To merge multiple columns into 1, use `merged_prompt`.
* Enclose all columns in curly braces `{}`.
* Optional text must be enclused in `[[]]`. For example if the column "Pclass" is empty, the merging function will not show the text and skp this. This is useful for datasets with missing values.
* You can select every column, or a few!
* Select the output or target / prediction column in `output_column_name`. For the Alpaca dataset, this will be `output`.
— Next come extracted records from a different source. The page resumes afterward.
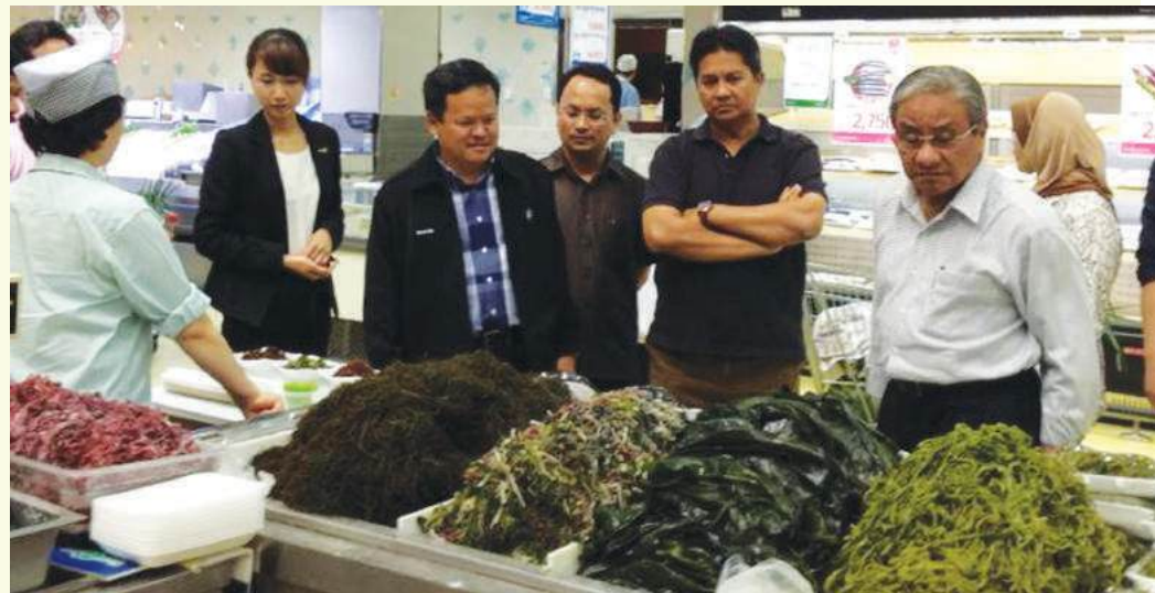
YB Menteri dan rombongan ketika melawat Hanaro Club Mart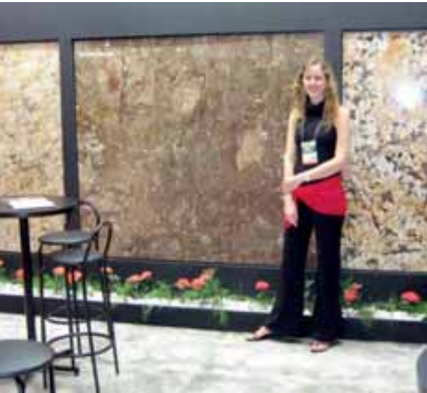
TORRONE BROWN von MP Granitos mit Hostess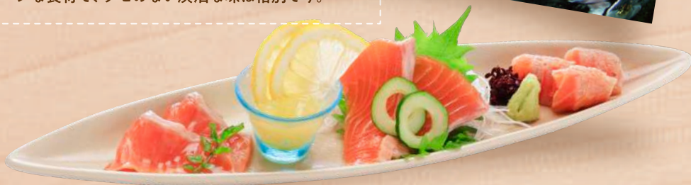
富士宮桜咲鱒3種のお造り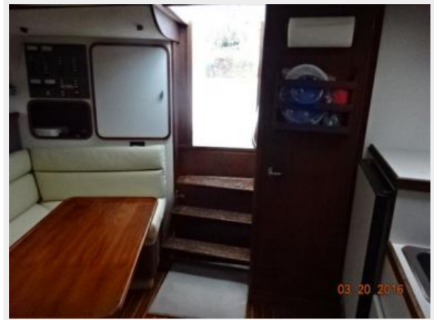
Tiara 31 Salon Aft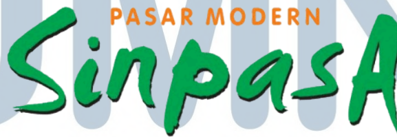
Gambar 2.3 Logo Pasar Modern Sinpasa

Pertama, Pusat Makanan Salsa Food City, destinasi kuliner dengan nuansa hijau pohon jati yang diresmikan pada tanggal 23 September 2004. Salsa Food City yang mengusung tema family food court , memiliki luas 3.500 m 2 , menyediakan 20 restoran dan lebih dari 800 kursi, serta menampilkan live music setiap malam.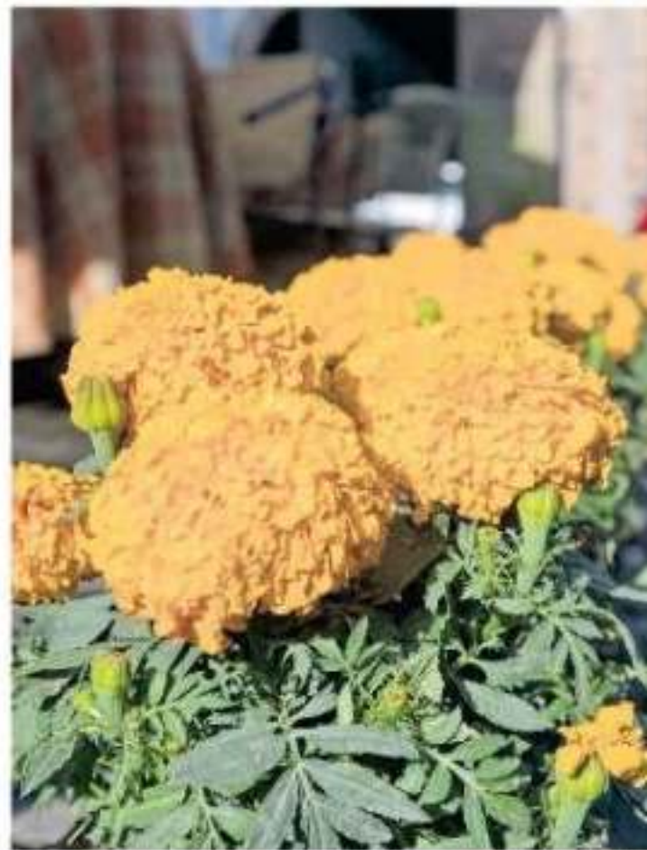
Mientras en México sólo se utiliza para el Día de Muertos, la flor de cempasúchil es aprovechada con fines más complejos en otros países.

El funcionario dijo que existe un desaprovechamiento de la flor de cempasúchil con fines industriales, pero también en el sector alimenticio para el uso pecuario, pues se ha demostrado que algunas especies como los pollos adquieren un mejor aspecto en la alimentación de la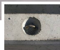
Detalle del cáncamo de izaje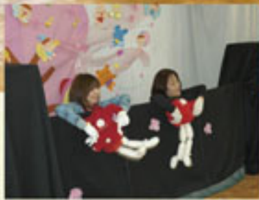
熱演する保育士さん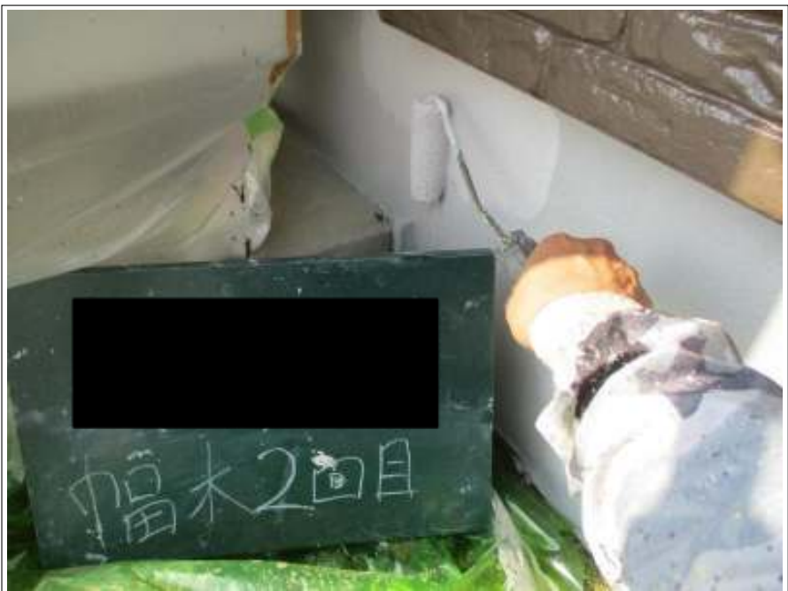
基礎 上塗り（2回目）施工中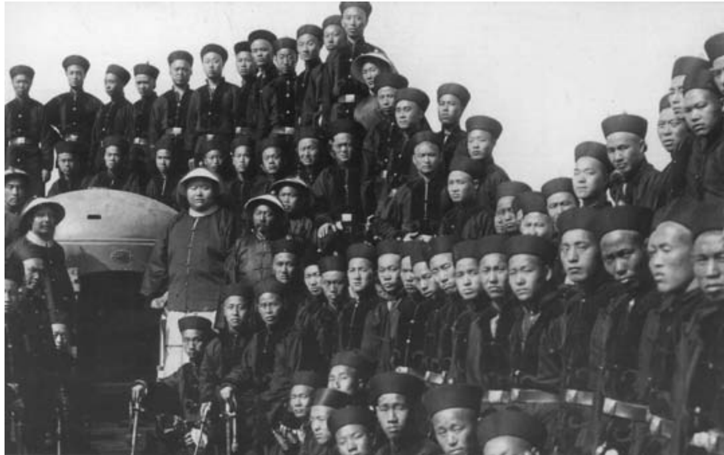
Ufficiali e soldati dell'esercito imperiale cinese a Pechino, ca. 1905, fotografia in bianco e nero, Monaco di Baviera, Beate Ambros

La crisi che aveva aperto il XX secolo fu premonitrice di trasformazioni irreversibili su molti piani per la Cina imperiale. Gli esiti disastrosi della rivolta dei Boxer, con l'umiliazione di un trattato di pace che sanciva, di fatto, l'assoggettamento agli stranieri delle risorse finanziarie e anche di parte delle prerogative dello Stato cinese, accelerarono infatti il processo di cambiamento i cui segni si erano già manifestati alla fine dell'Ottocento.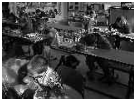
Ze ZŠ Meteorologická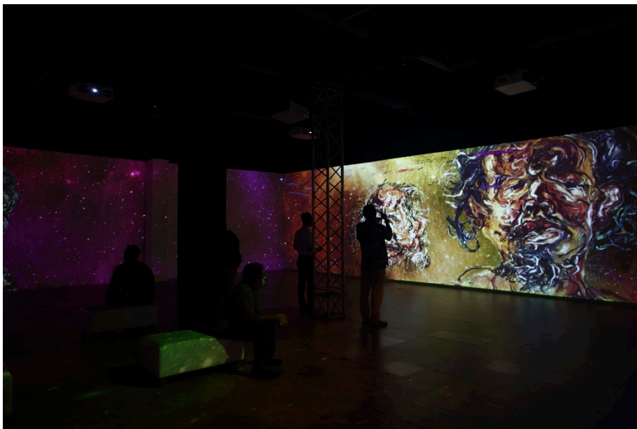
Gambar 5. Proyeksi video mapping pada dinding interior ruang pameran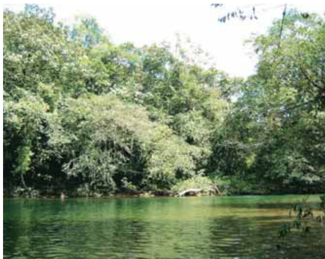
Río San Cipriano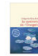
Grégoire BOUILLER Le syndrome de l'orange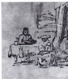
«Santa Famiglia» (1657 ca.) - Riproduzione dell'originale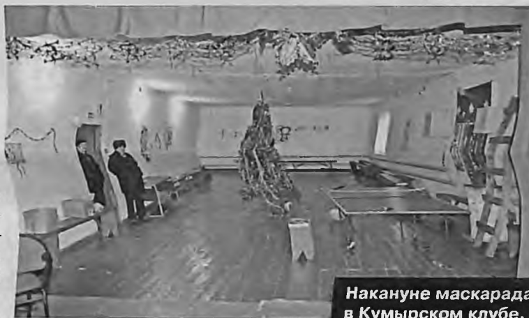
Накануне маскарада в Кумырском клубе.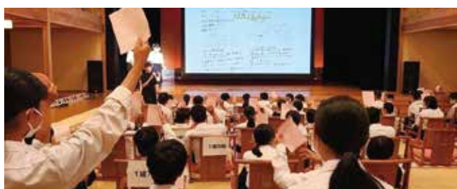
R3 1年「総合的な探究の時間」発表会の様子【安来節演芸館にて】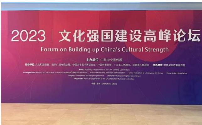
图 5: 文化强国建设高峰论坛

随后由光明日报社和经济日报社发布第十五届“全国文化企业 30 强”。大丰实业董事、副总经理丰嘉隆受邀参加文化强国建设高峰论坛并参加“全国文化企业 30 强”发布会。大丰再获“全国文化企业 30 强”提名企业。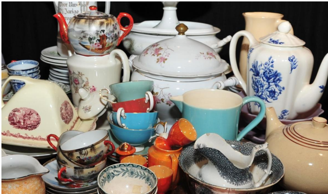
Een verzameling serviesgoed.

de lucht blijven'. Bij dit soort vergaderingen en ontmoetingen blijkt weer de heel goede band die er is. En die zich uitte in de waarderende woorden richting bestuur en directie, maar vooral ook richting de vele vrijwilligers, die De Koperen Knop met elkaar draaiende houden. En dat is geen sinecure. Als je ziet dat er na de op hoog niveau neer gezette expositie Mode in Zwart Wit ook de volgende expositie van het werk van Henk Klop van een onmiskenbaar niveau kan worden genoemd, is trots zijn op het museum en op elkaar zeker op zijn plaats.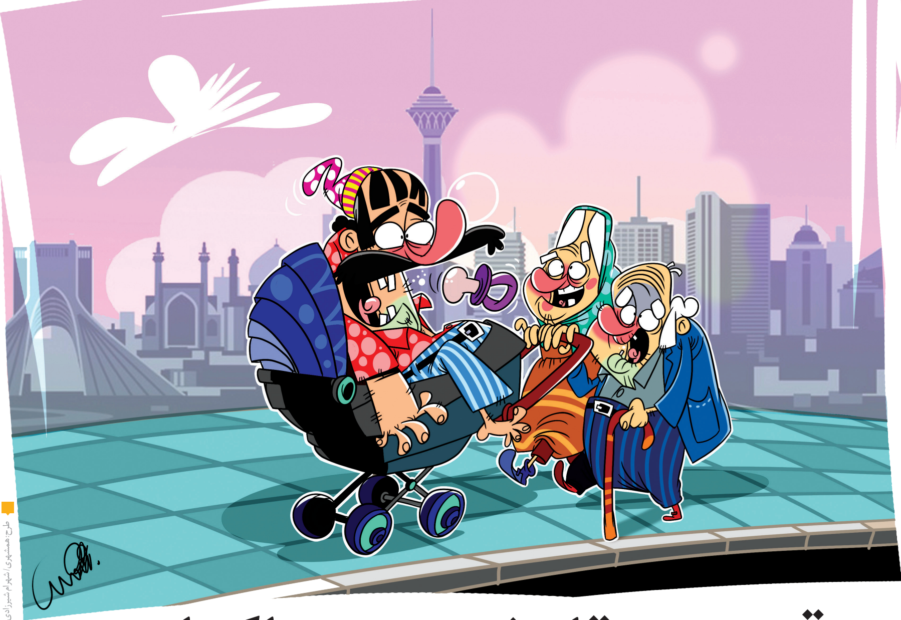
طرح همشهری شهرام شهبازی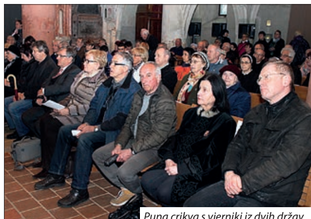
Puna crkva s vjerniki iz dvih država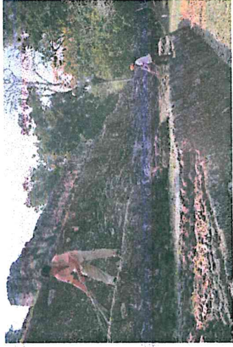
Foto 3. Barrido en el Basamento Oeste, Acrópolis Norte, Yaxha

3. En la Acrópolis sur se realizaron trabajos de conservación a los muros con estuco mediante la aplicación de agua de cal. Asimismo, las áreas que presentaban maleza en el Edificio 375 fueron atendidas. En total se abarcaron 2336 m 2 .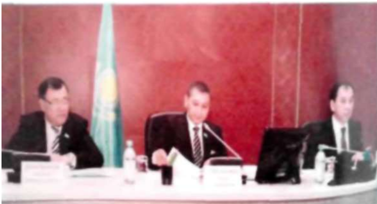
Обылыстық депутаттардың отырысы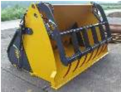
Uitkuilklem 2 cilinders Machoir de désilage 2 cylindres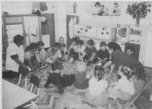
Malčki na Seniku z vzgojiteljico iz Murske Sobotice.

Predavatelj je udeležencam delavnice prikazal preproste in zanimive postopke izdelave različnih izdelkov iz papirja, granulata (umetna plastična snov v raznobarnih zrcnih, ki se, ogreta na 270 stopinj, da oblikovati v različne okrasne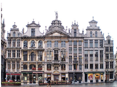
ICOMOS európai elnökök találkozója volt Brüsszelben - beszámoló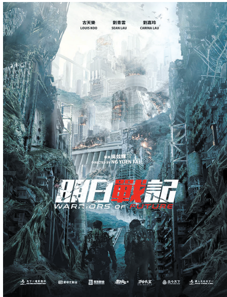
《明日战记》战绩不错

电影《独行月球》上映10天,总票房破20亿;电影《明日战记》上映首日票房过亿。今年暑期档,两部带有科幻元素的影片成为票房热点,尤其是《独行月球》,喜剧+科幻的元素吸引了大批影迷打卡看片,该片上映10天票房已过20亿,成为国内暑期档科幻片冠军。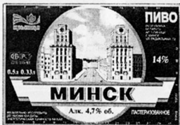
ВУ - Минск (Крыница)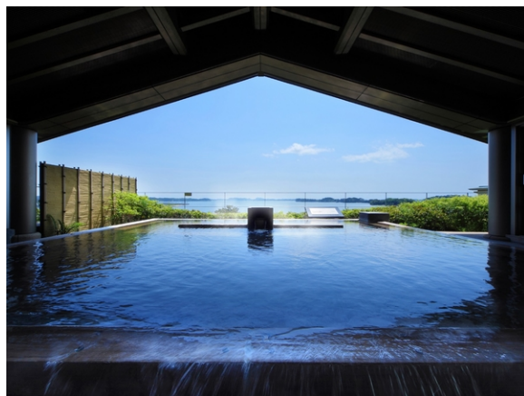
松島一の坊 - 絕景の露天風呂

住宿：Hotel Metropolitan Sendai 或同級酒店 (可自費提升入住松島一の坊 / 作並溫泉 Salon 一の坊)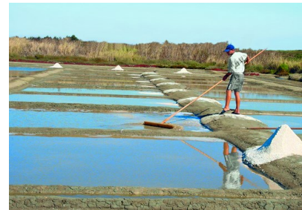
des marais salants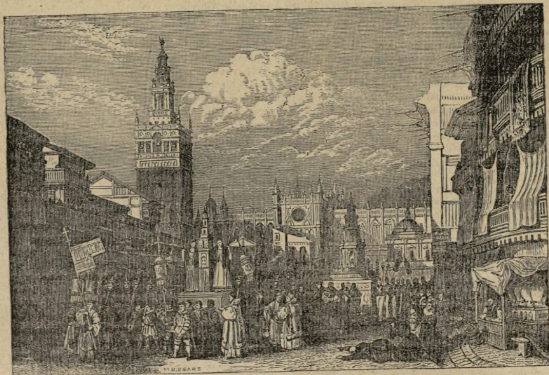
LA PROCESION DEL CORPUS EN SEVILLA.

NOTA. El grabado que antecede corresponde al artículo que se publicó en el Semanario en igual día del año pasado, descriptivo de la procesion del Corpus en Sevilla.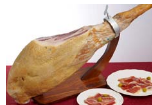
オプション「ハモン イベリコ」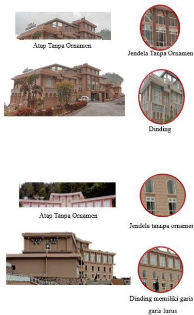
Gambar 5. Ornamen Sebelum Transformasi (Tahun 2017)

Sesudah transformasi, bangunan utama Portola Grand Renggali Hotel Takengon tampil bersih tanpa ada ornamen di bagian dinding, jendela maupun di bagian atapnya, bertujuan untuk memunculkan Kesan modern lebih jelas. Namun, berbeda di bangunan Kedua Portola Grand Renggali Hotel Takengon tampak depan dinding di tambahkan sedikit ornamen berupa garis-garis lurus dengan tujuan memperindah tampilan visual atau memberikan Kesan yang lebih menarik pada bangunan Portola Grand Renggali Hotel Takengon.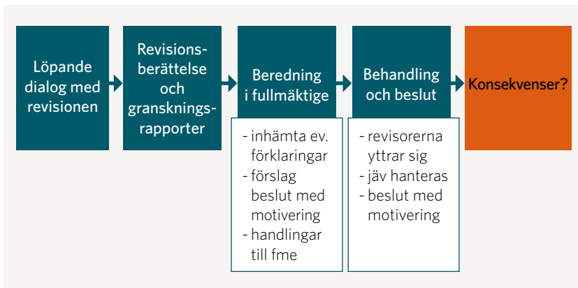
Figur 1: De olika momenten i ansvarsprövningsprocessen

To make the finetune handle multiple turns (like in ChatGPT), we have to create a "fake" dataset with multiple turns - we use `conversation_extension` to randomnly select some conversations from the dataset, and pack them together into 1 conversation.

In [7]:
from unsloth import to_sharegpt

dataset = to_sharegpt(
    dataset,
    merged_prompt="{instruction}[[\nYour input is:\n{input}]]",
    output_column_name="output",
    conversation_extension=3,  # Select more to handle longer conversations
)

In [9]:
print(dataset)
print(dataset[0])

Dataset({
    features: ['conversations'],
    num_rows: 52002
})
{'conversations': [{'from': 'human', 'value': 'Give three tips for staying healthy.'}, {'from': 'gpt', 'value': '1. Eat a balanced and nutritious diet: Make sure your meals are inclusive of a variety of fruits and vegetables, lean protein, whole grains, and healthy fats. This helps to provide your body with the essential nutrients to function at its best and can help prevent chronic diseases.\n\n2. Engage in regular physical activity: Exercise is crucial for maintaining strong bones, muscles, and cardiovascular health. Aim for at least 150 minutes of moderate aerobic exercise or 75 minutes of vigorous exercise each week.\n\n3. Get enough sleep: Getting enough quality sleep is crucial for physical and mental well-being. It helps to regulate mood, improve cognitive function, and supports healthy growth and immune function. Aim for 7-9 hours of sleep each night.'}, {'from': 'human', 'value': 'Describe what a monotheistic re

Finally use `standardize_sharegpt` to fix up the dataset!

In [10]:
from unsloth import standardize_sharegpt

dataset = standardize_sharegpt(dataset)

In [11]:
print(dataset)
print(dataset[0])

Dataset({
    features: ['conversations'],
    num_rows: 52002
})
{'conversations': [{'content': 'Give three tips for staying healthy.', 'role': 'user'}, {'content': '1. Eat a balanced and nutritious diet: Make sure your meals are inclusive of a variety of fruits and vegetables, lean protein, whole grains, and healthy fats. This helps to provide your body with the essential nutrients to function at its best and can help prevent chronic diseases.\n\n2. Engage in regular physical activity: Exercise is crucial for maintaining strong bones, muscles, and cardiovascular health. Aim for at least 150 minutes of moderate aerobic exercise or 75 minutes of vigorous exercise each week.\n\n3. Get enough sleep: Getting enough quality sleep is crucial for physical and mental well-being. It helps to regulate mood, improve cognitive function, and supports healthy growth and immune function. Aim for 7-9 hours of sleep each night.', 'role': 'assistant'}, {'content': 'Describe what a monotheistic religion

### Customizable Chat Templates

You also need to specify a chat template.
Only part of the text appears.